Menurut Hariyadi, industri perhotelan dan restoran sudah menghadapi tekanan berat akibat penurunan daya beli masyarakat. Kenaikan PPN, meski hanya 1%, dinilai akan memberikan dampak signifikan, terutama bagi segmen pelanggan menengah bawah yang menjadi target pasar utama industri ini.
"PPN ini tidak hanya memengaruhi hotel dan restoran, tapi semua sektor. Namun bagi kami, dampaknya akan terasa langsung karena konsumsi masyarakat, khususnya yang target marketnya adalah menengah bawah," ujar Hariyadi dalam konferensi pers di Jakarta, Selasa (19/11/2024).
Hariyadi menjelaskan bahwa saat ini industri perhotelan dan restoran tengah menghadapi tiga tekanan besar atau triple hit. Tantangan tersebut meliputi:
Penurunan daya beli masyarakat.
Kebijakan kenaikan PPN menjadi 12%.
Pemotongan anggaran pemerintah, termasuk untuk perjalanan dinas dan akomodasi.
Ia menambahkan, kondisi ini memaksa pelaku usaha masuk ke dalam mode survival, dengan fokus pada pengendalian biaya operasional. Salah satu langkah yang mungkin dilakukan adalah penghematan melalui penyesuaian tenaga kerja harian (daily worker), yang bergantung pada omzet bisnis.
"Kalau penjualannya bagus, mereka bekerja. Kalau tidak, ya terpaksa di-shutdown. Jadi, dampaknya cukup banyak," jelas Hariyadi.
Hariyadi juga menyoroti perbedaan kemampuan adaptasi antara daerah wisata internasional, seperti Bali dan Batam, dibandingkan daerah yang lebih bergantung pada pasar domestik. Menurutnya, daerah tanpa kunjungan wisatawan mancanegara yang signifikan akan mengalami kesulitan lebih besar.
PHRI mendesak pemerintah untuk mempertimbangkan kembali kebijakan kenaikan PPN dan pemotongan anggaran, dengan menggunakan data dari Badan Pusat Statistik (BPS) dan lembaga riset lainnya sebagai landasan keputusan.

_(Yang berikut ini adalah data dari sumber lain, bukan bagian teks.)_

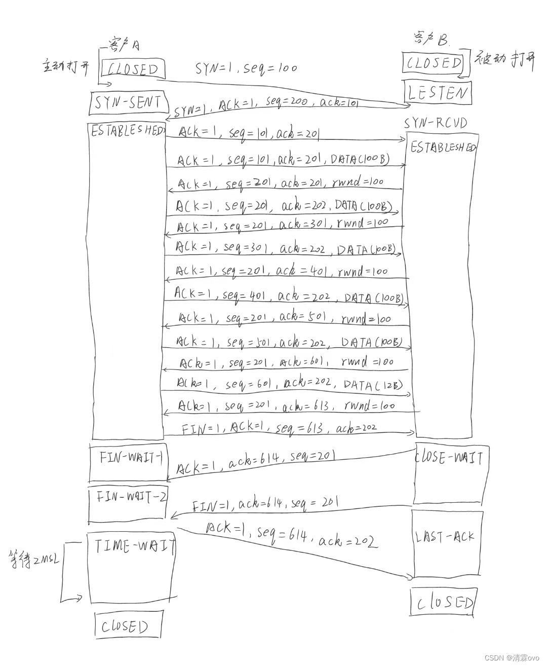 当 A 和 B 都作为客户,即同时主动打开 TCP 连接。这时的每一方的状态变迁都是: CLOSED->SYN-SENT->SYN-RCVD->ESTABLISHED
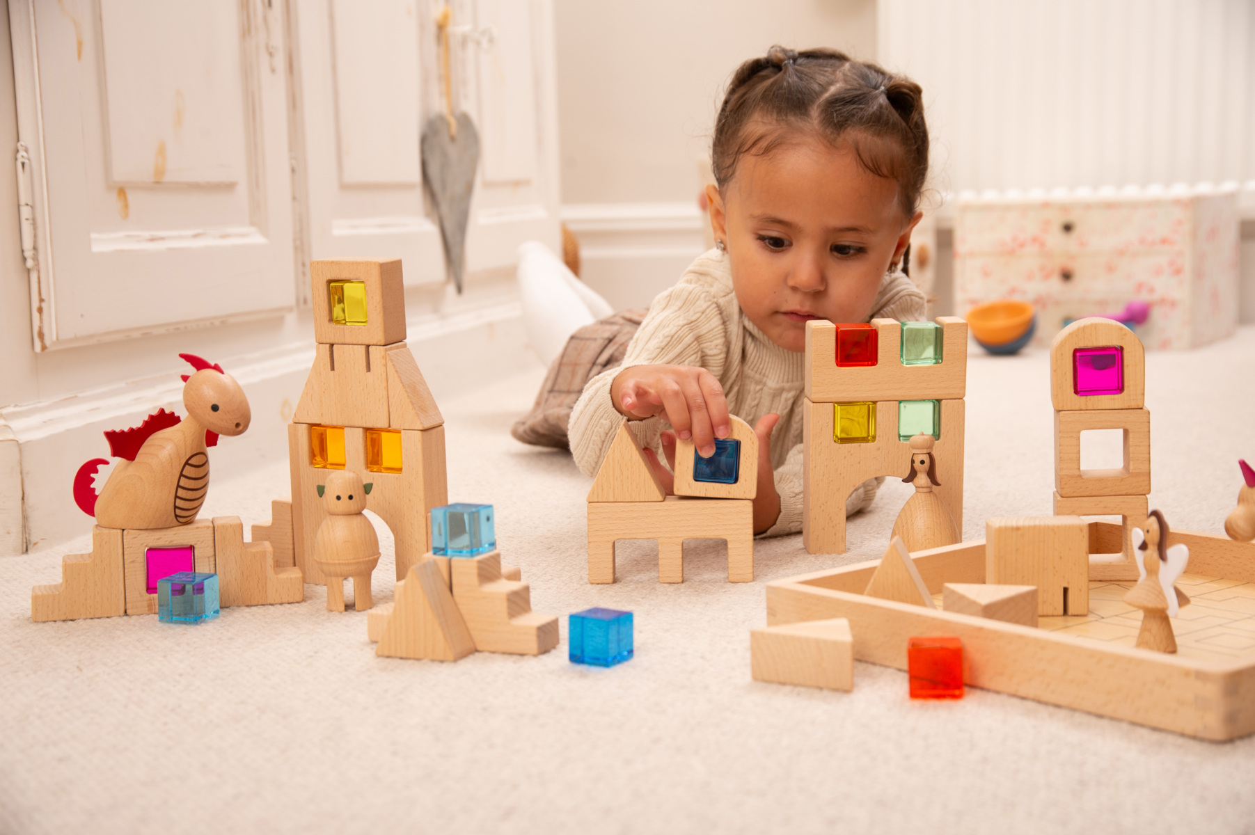 Fine treklosser med fargede transparente innsatser. Ved å kombinere klossene på ulike måter får barna lage og oppleve forandringer i farger. Man kan bygge, stable, sortere og navngi de geometriske formene. Av FCS-merket kryssfiner. Mål: 28x28 cm. Fra 2 år.
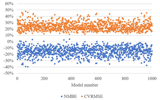 After obtaining 1000 uniformly distributed samples, there will be a certain error between the simulation results and the actual results. Referring to the standard ASHRAE 14 in the United States, the monthly NMBE should not exceed 5%, and the CVRMSE should not exceed 15%.
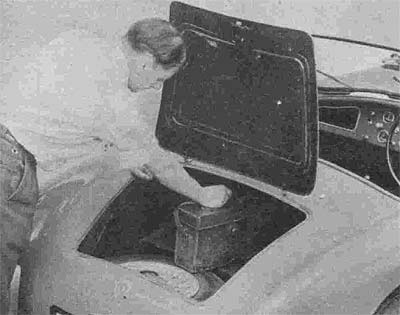 Weather protection is well looked after in the conventional modern sports car manner, by rigid-frame sidescreens, which are very easily installed or removed, and by a hood incorporating three big flexible windows which has a loose fabric and a removable two-piece frame. Sidescreens incorporating sliding window panels, and a removable hard-top, are available if required. Adjustment of the two bucket seats is confined to alternative bolt-down mountings, and for tall people legroom at first seems rather limited, especially as intrusion of the gearbox enclosure into the cockpit leaves no obvious left foot position comfortably away from closely-spaced pedals. After a while, however, a driver seems to settle down behind the offset-to-the-left steering wheel and makes quite long runs without complaining of any discomfort. Carrying the optional tachometer on the test model, the facia with its individual instruments on a panel covered in black plastic fabric seemed entirely appropriate to a sporting car, there being a thermometer, oil pressure gauge and ammeter as well as the fuel contents gauge and speedometer. The two doors do not extend far enough forward to make exit from the body really easy.
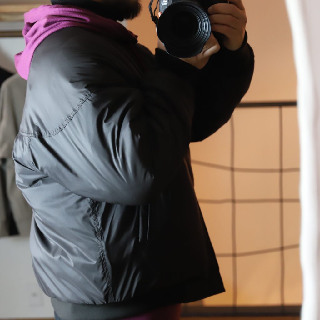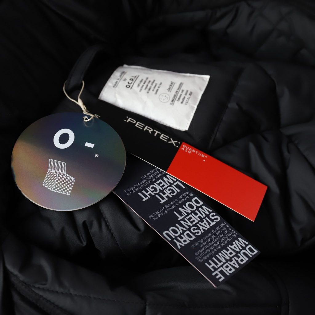 表地にはPERTEX®︎ QUANTUM AIRナイロンシェルを、中綿にClimashield®︎ APEX6.0ozのキルティング地を使用。
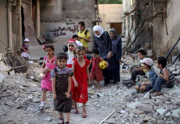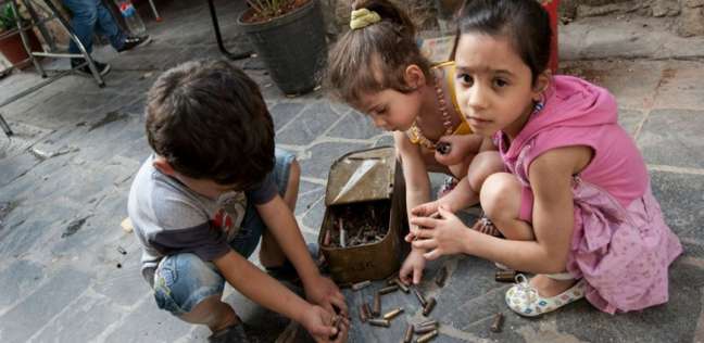 بالصور.. في عيدهم السادس تحت القصف.. أطفال سوريا يلهون بفوارغ الطلقات
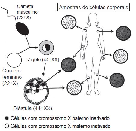Na figura está representado o mosaicismo em função da inativação aleatória de um dos cromossomos X, que ocorre em todas as mulheres sem alterações patológicas.

"Kami berharap kebijakan ini dapat ditinjau kembali, karena dampaknya tidak hanya pada pelaku usaha, tapi juga pada tenaga kerja dan ekosistem pariwisata secara keseluruhan," pungkas Hariyadi.
Dengan potensi penurunan omzet dan efisiensi operasional, industri perhotelan dan restoran diprediksi akan menghadapi tantangan besar untuk tetap bertahan. Kebijakan kenaikan PPN ini perlu diimbangi dengan langkah strategis dari pemerintah untuk melindungi ekosistem usaha sekaligus menjaga stabilitas tenaga kerja di sektor pariwisata.